Condon, thanks to her mouth, was reassuringly imminent. She was,
too, friendly; she talked to women--in her not overfrequent
opportunities--in a rapid warm inaccurate confession of almost
everything they desired to hear. The women, of course, were
continually hampered by the unfortunate fact that the questions
nearest their hearts, or curiosity, were entirely inadmissible.

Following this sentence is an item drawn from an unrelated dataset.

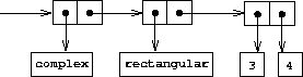 What we have here is a two-level tag system. A typical complex number, such as 3 + 4i in rectangular form, would be represented as shown in figure 2.24. The outer tag (complex) is used to direct the number to the complex package. Once within the complex package, the next tag (rectangular) is used to direct the number to the rectangular package. In a large and complicated system there might be many levels, each interfaced with the next by means of generic operations. As a data object is passed ``downward,'' the outer tag that is used to direct it to the appropriate package is stripped off (by applying contents) and the next level of tag (if any) becomes visible to be used for further dispatching.

Viewed objectively, they all, with the exception of Linda, seemed
alike; but that might have been due to their common impressive
setting. The Boscombe, in its way, was as lavish as Mrs. Condon's
dresses. The main place of congregation, for instance, was a great
space of white marble columns, Turkey-red carpet and growing palms.
It was lighted at night indirectly by alabaster bowls hanging on
gilded chains--a soft bright flood of radiance falling on the seated
or slowly promenading women with bare shoulders.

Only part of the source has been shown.